* Exercise goal
With the exception of the pictures, transcribe the entire listing exactly.

* Collected data
* * * * * * * * *
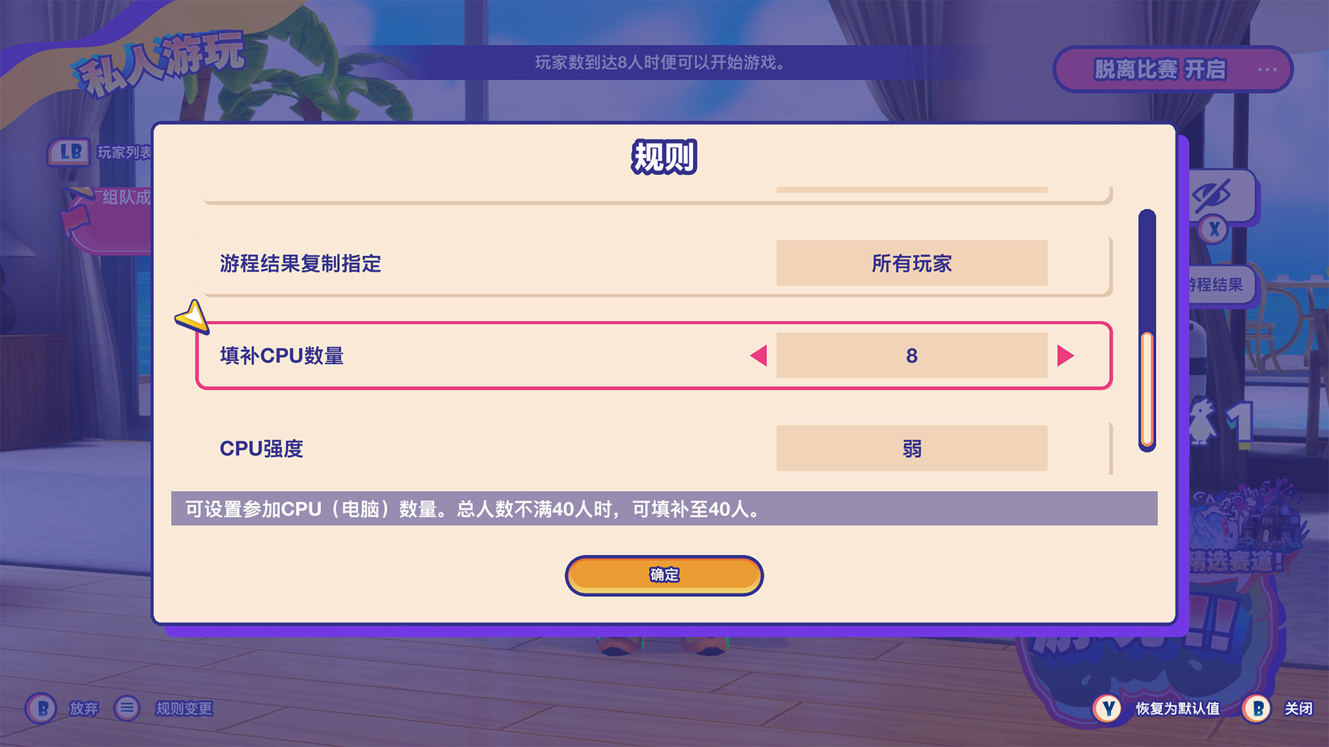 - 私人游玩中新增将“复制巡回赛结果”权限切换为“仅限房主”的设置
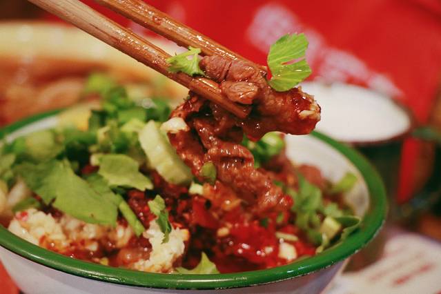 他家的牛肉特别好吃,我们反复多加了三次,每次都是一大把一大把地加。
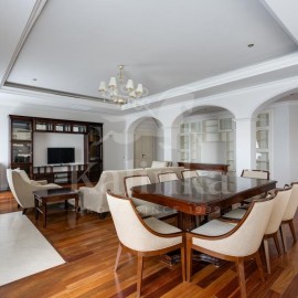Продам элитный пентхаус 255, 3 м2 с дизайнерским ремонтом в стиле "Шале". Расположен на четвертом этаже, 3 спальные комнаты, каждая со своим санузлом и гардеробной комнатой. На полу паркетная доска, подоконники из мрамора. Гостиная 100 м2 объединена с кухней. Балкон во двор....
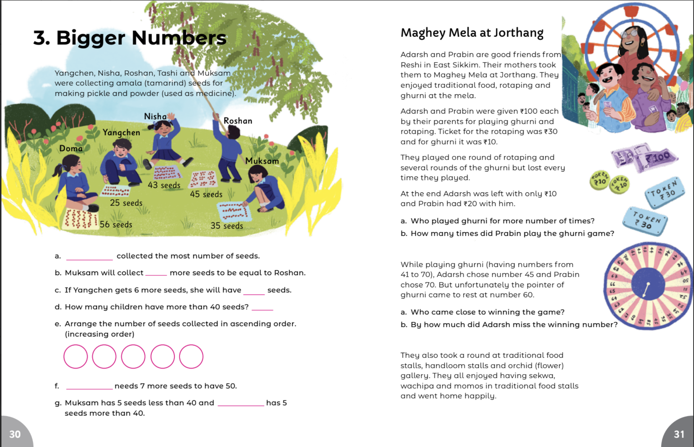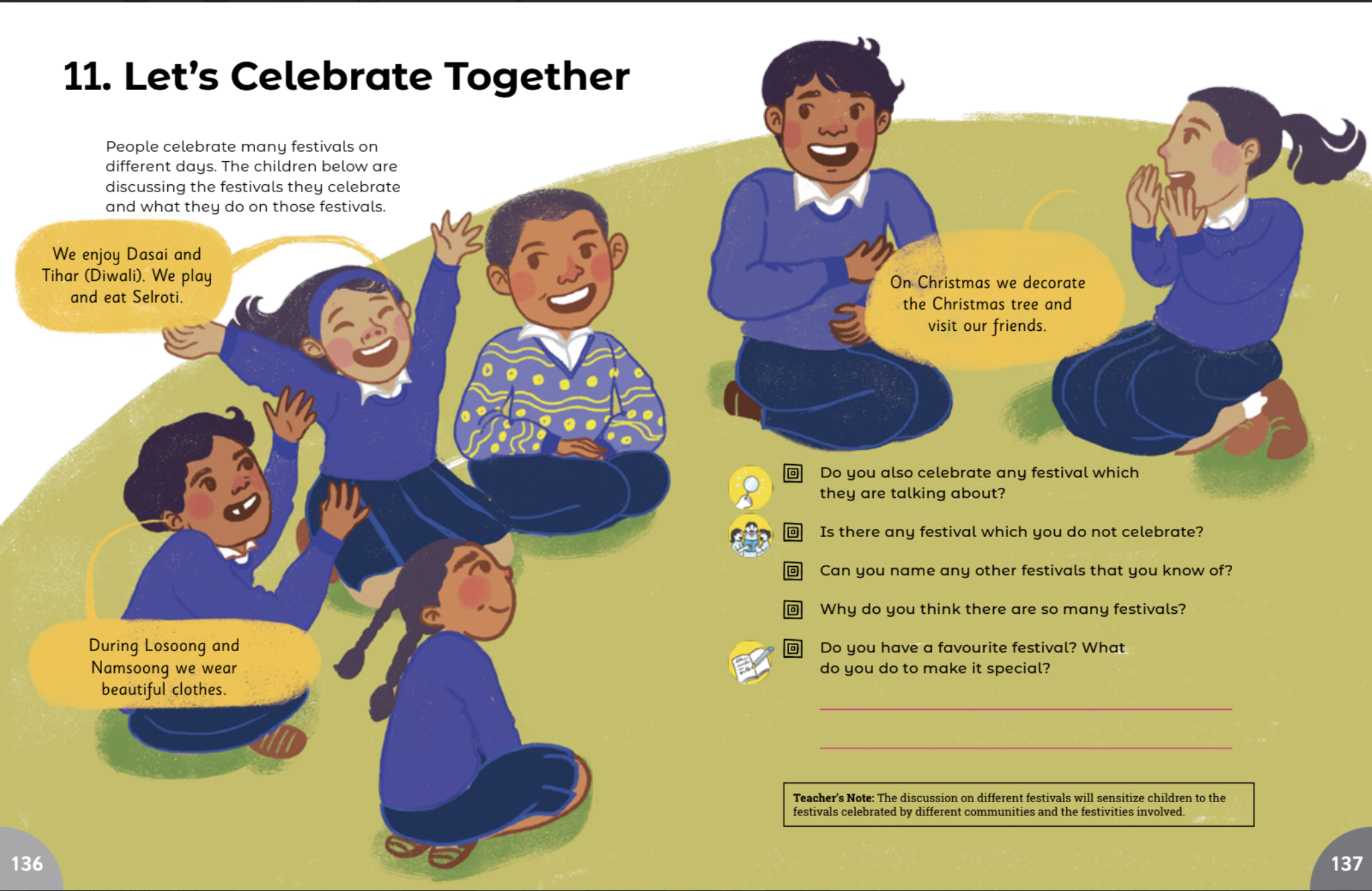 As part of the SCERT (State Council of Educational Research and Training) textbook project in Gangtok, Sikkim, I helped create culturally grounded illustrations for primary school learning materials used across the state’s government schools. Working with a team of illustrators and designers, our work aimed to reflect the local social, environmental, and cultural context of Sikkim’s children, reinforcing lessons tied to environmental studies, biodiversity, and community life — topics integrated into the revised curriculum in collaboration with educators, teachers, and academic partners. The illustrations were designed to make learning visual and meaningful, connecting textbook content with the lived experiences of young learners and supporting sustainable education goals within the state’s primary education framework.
* * * * * * * * *
* Task output
 - 私人游玩中新增将“复制巡回赛结果”权限切换为“仅限房主”的设置
 他家的牛肉特别好吃,我们反复多加了三次,每次都是一大把一大把地加。
Продам элитный пентхаус 255, 3 м2 с дизайнерским ремонтом в стиле "Шале". Расположен на четвертом этаже, 3 спальные комнаты, каждая со своим санузлом и гардеробной комнатой. На полу паркетная доска, подоконники из мрамора. Гостиная 100 м2 объединена с кухней. Балкон во двор....
 As part of the SCERT (State Council of Educational Research and Training) textbook project in Gangtok, Sikkim, I helped create culturally grounded illustrations for primary school learning materials used across the state’s government schools. Working with a team of illustrators and designers, our work aimed to reflect the local social, environmental, and cultural context of Sikkim’s children, reinforcing lessons tied to environmental studies, biodiversity, and community life — topics integrated into the revised curriculum in collaboration with educators, teachers, and academic partners. The illustrations were designed to make learning visual and meaningful, connecting textbook content with the lived experiences of young learners and supporting sustainable education goals within the state’s primary education framework.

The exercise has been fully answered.